Plitsch, platsch. Plitsch, platsch. Plitsch, platsch.

Unaufhörlich bahnte sich das gleichmäßige Tropfen seinen Weg an ihr Ohr. Durchbrach die kalte, dunkle Stille und unterteilte die Ewigkeit beinah wie das leise Klicken der Uhrzeiger in kurze Abschnitte. Wirkte auf seine sehr monotone Art und Weise beinah beruhigend und einschläfernd. Aber nur beinahe.

Denn Gott, sie wusste ganz genau, was dieses Geräusch verursachte. Und es war keinesfalls beruhigend. Ganz im Gegenteil. Aber sie konnte nicht schreien. Konnte nicht weinen. Konnte es nicht zum Verstummen bringen.

Sie konnte nur da sitzen, die Knie eng an den dünnen Leib unters Kinn gepresst, und mit weit aufgerissenen Augen in die Schwärze starren. Während das Tropfen gleichsam seinen Weg durch ihren Verstand fraß, langsam, unendlich.

Crona zitterte. Es war nicht kalt, das nicht. Zumindest nicht äußerlich. Irgendwo tief in ihrem Herzen hatte sich etwas eingenistet, das zu schrecklich war, als dass sie es benennen konnte. Und es wuchs. Wuchs jeden Tag. So schnell. Rasend schnell. Sie hatte Angst davor. So schreckliche Angst.

Kein einziger Hauch von Licht drang in den Raum, aber das musste es auch nicht. Sie wusste auch so ganz genau, wie es hier aussah. War schon oft genug hier gewesen. Tagelang. Hatte jeden Winkel so genau erforscht. Hatte stundenlang um Ausgang gebettelt, der ihr nicht gewährt worden war.

Wenn sie nicht so schreckliche Angst hätte, würde sie diesen Ort hassen. Aber die Furcht war zu allumfassend. War schon lange in jede Pore des jungen Mädchens gekrochen und nicht wieder verschwunden. Lag immer auf der Lauer, bereit, sich ihrer vollständig zu bemächtigen, sie zu lähmen, sie zu verschlingen.
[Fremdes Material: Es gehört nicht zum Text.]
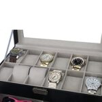 Presents Luxury 12 Slot Watch Box for Men & Women Lockable Leather Watch Organizer with Glass Lid, Soft Velvet Cushions, Premium Display & Storage Case for Watches (Black)
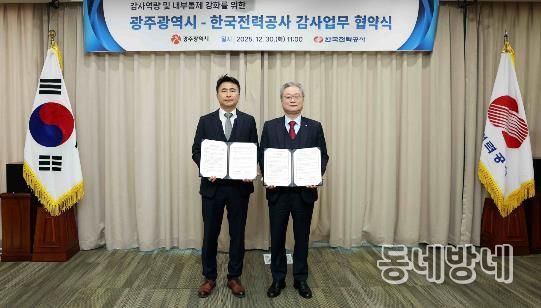 동네방네 김형규 기자 | 한국전력 감사실은 12월 30일 ‘광주광역시 감사위원회’과 감사 전문성 제고와 내부통제 강화를 위한 업무협약(MOU)을 체결했다.

Und es gelang ihr so oft. Sie konnte es nicht mehr zählen. Würde nie wieder ohne diese furchtbare Angst leben können. Was hatte sie nur getan? War es normal? Litt jeder so wie sie? Sie wusste es nicht. Gab es doch nur eine einzige andere Person, die sie kannte. Oder glaubte zu kennen. Freunde? Sie kannte ja noch nicht einmal das Wort.

Plitsch, platsch. Plitsch, platsch.

Sie wollte es nicht hören. Nicht jetzt. Nie mehr. Es ließ sie nicht denken. Stattdessen musste sie sich voll auf dies Geräusch konzentrieren. Wie eine Stimme, die in ihrem Kopf flüsterte. Der man zuhören muss, auch wenn man sie nicht hören will. Und sie würde es noch lange hören. Nicht nur heute. Nicht nur hier. Ihr Leben lang.

Warum konnte sie nicht machen, dass es aufhörte? Warum hörte es nicht auf? Warum, warum, warum? Warum musste sie es ertragen? Was sollte sie nur damit tun? Keine Ahnung. Nichts tun. Nur still sitzen. Warten, bis ihr jemand sagte, was richtig war. Was zu tun war. Bis dahin warten. Nur warten. Sie war böse. Sie hatte nicht getan, was ihr gesagt worden war. Was sie sollte. Also verdient. Verdiente Strafe. Hör dem Tropfen zu. Bis zum letzten. Es wird nicht enden. Nicht, solang du böse bist.

Ein leises Wimmern entfuhr ihrer Kehle, schlich sich angstvoll über ihre Lippen. Erstarb fast sofort. Wurde von dem Tropfen verschlucken. Getötet. Ermordet. Aufgenommen. Machte sich gierig darüber her und fraß es. Wie eine Schlange. Genau. Wie eine Schlange. Ganz genau wie eine Schlange. Schwoll an. Wurde lauter. Drohender. Lauernd. Würde sie genauso verschlingen. Wenn sie auch nur eine falsche Bewegung machte. Einen falschen Laut von sich gab. Nicht tat, was sie sollte.

Es bereitete ihr beinah körperliche Schmerzen, während es sich durch ihren Geist wühlte. Wunden aufbrach. Neue und alte, fast verheilte. So grausam. So furchtbar.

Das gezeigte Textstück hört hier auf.